Nonasymptotic control of the MLE for misspecified nonparametric hidden Markov models
Luc Leh\'ericy (JAD)

TL;DR
This paper establishes finite-sample bounds for the maximum likelihood estimator in misspecified nonparametric hidden Markov models, demonstrating near-optimal recovery of the true distribution under certain mixing conditions.
Contribution
It provides the first nonasymptotic analysis of MLE in misspecified nonparametric HMMs, including finite-sample error bounds and minimax optimality results.
Findings
MLE recovers the best approximation of the true distribution.
Finite-sample error bounds are established.

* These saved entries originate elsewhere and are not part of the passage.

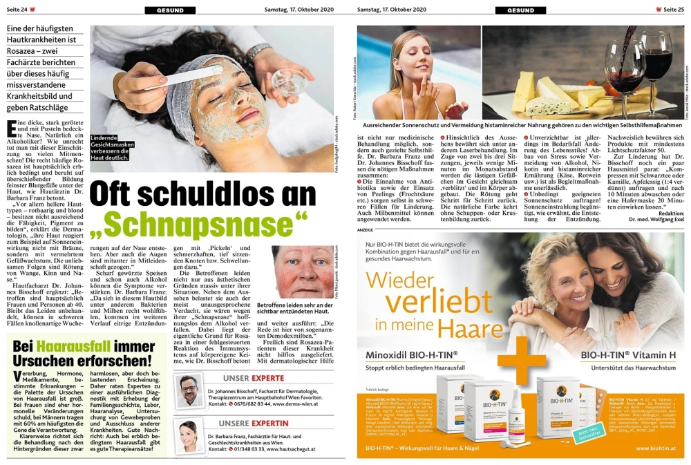 An article of Dr. Bisschoff was published on fitundgesund.at on the subject of rosacea.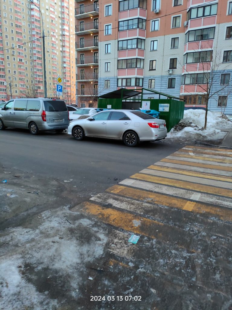 13.03.2024 в 07:03 Московская область, Красногорский район, Путилково, Спасо-Тушинский бульвар дом 7 (внешняя сторона дома, мусорная площадка) Парковка на газоне, пешеходном переходе, и мусорной площадке единовременно Р201ХС790 55.873555, 37.394580 (Яндекс карты).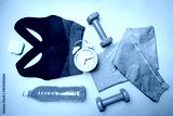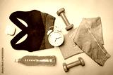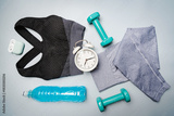 Workout flat-lay with sport wear, dumbbell, skipping rope, headphones and watch on gray background top view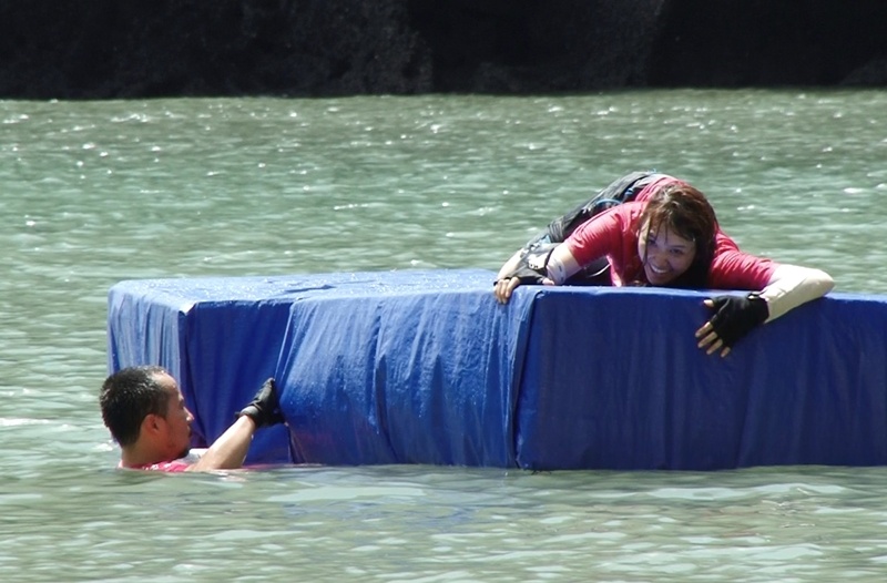 Yêu cầu đặt ra là hai thành viên của đội phải bơi ra giữa biển nơi có đặt hai chiếc phao lớn của chương trình, họ phải tìm cách để leo lên một chiếc phao. Sau đó một người tạo dáng để người kia chụp ba tấm ảnh toàn thân.

Results are minimax optimal up to logarithmic factors.
Abstract
Finite state space hidden Markov models are flexible tools to model phenomena with complex time dependencies: any process distribution can be approximated by a hidden Markov model with enough hidden states.We consider the problem of estimating an unknown process distribution using nonparametric hidden Markov models in the misspecified setting, that is when the data-generating process may not be a hidden Markov model.We show that when the true distribution is exponentially mixing and satisfies a forgetting assumption, the maximum likelihood estimator recovers the best approximation of the true distribution. We prove a finite sample bound on the resulting error and show that it is optimal in the minimax sense--up to logarithmic factors--when the model is well specified.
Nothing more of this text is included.